Piriformis Syndrome

The piriformis is a muscle located in the buttock. It extends from the bottom of the spine to the thigh bone outside the buttock, also known as the femur. It runs close to a large, never known as the sciatic nerve. In some cases, the nerve may run through the piriformis muscle. Sometimes, the piriformis muscle may suffer from piriformis syndrome, which causes the muscle to spasm and cause persistent pain in the buttock. The spasms can also irritate the sciatic nerve resulting in sciatica, a condition that results in numbness, tingling, and pain in the legs, feet, and hips.

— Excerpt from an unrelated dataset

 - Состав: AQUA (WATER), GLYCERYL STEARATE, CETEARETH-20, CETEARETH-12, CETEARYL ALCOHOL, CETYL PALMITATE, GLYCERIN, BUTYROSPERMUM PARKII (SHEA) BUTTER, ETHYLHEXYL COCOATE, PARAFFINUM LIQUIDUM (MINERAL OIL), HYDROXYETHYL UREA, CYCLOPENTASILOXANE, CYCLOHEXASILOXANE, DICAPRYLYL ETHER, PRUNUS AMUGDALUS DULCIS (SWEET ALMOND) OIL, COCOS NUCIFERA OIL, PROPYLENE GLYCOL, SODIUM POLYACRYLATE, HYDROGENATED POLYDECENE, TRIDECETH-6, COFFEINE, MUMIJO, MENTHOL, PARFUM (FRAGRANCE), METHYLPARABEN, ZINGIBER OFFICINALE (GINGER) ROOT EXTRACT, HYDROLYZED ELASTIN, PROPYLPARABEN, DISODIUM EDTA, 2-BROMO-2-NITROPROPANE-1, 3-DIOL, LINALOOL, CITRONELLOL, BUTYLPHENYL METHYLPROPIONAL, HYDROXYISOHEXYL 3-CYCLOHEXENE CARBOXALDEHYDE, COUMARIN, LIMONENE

If you notice any of the mentioned symptoms, you may need to visit a Newtown Piriformis Syndrome expert for diagnosis and treatment.

This article highlights all you need to know about piriformis syndrome, including the symptoms and possible treatments. Read on for more.

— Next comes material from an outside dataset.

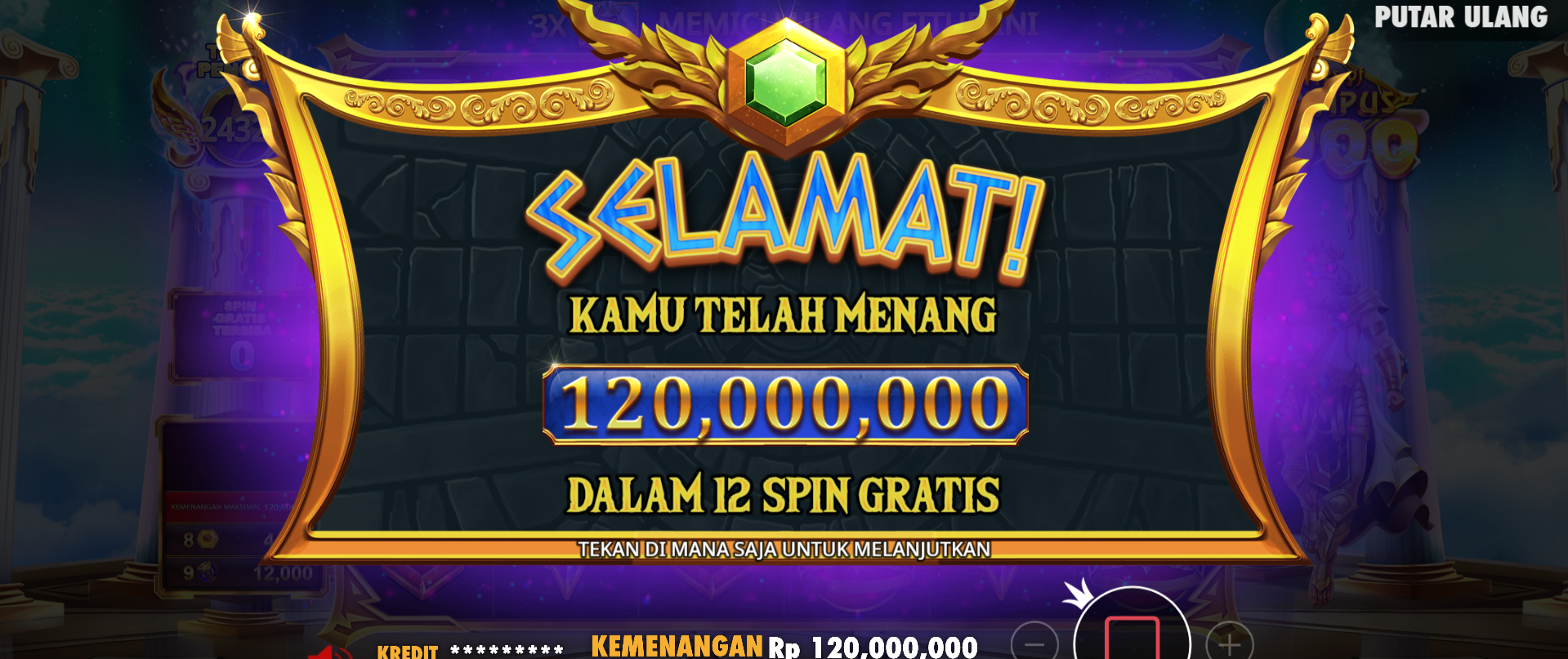 Pada spin ke-8 dari free spin, momen emas itu datang. Empat simbol mahkota berjejer rapi, dan Zeus menghantamkan petir dengan multiplier x500. Kombinasi simbol permata dan mahkota terus pecah, membuat layar penuh cahaya keemasan. Dalam hitungan detik, saldo naik dari ratusan ribu jadi jutaan, lalu puluhan juta. Di akhir sesi, total kemenangan tercatat mencapai Rp120.000.000 — angka fantastis untuk modal yang hanya Rp10.000.

Signs and Symptoms of Piriformis Syndrome

While the primary cause of piriformis syndrome remains unknown, the muscle spasms may result from injury, bleeding in areas surrounding the piriformis muscle, or inflammation.

One of the earliest symptoms of piriformis syndrome is a persistent tenderness in the buttocks. In some cases, you can have sciatica symptoms that run from your lower back to the legs. The symptoms may also be accompanied by muscle spasms, Charlie horses, cramps, and muscle quivers.

The compression of the sciatic nerve by the piriformis muscle causes pain. It becomes more severe when you sit, especially if you have a wallet in your back pocket. Activities such as running, exercising, sitting for long, stretching the piriformis, and climbing stairs can also trigger the pain. The pain can fade or worsen depending on the activities you engage in and how long you stand or sit. Car rides over long distances can also make the pain more serious.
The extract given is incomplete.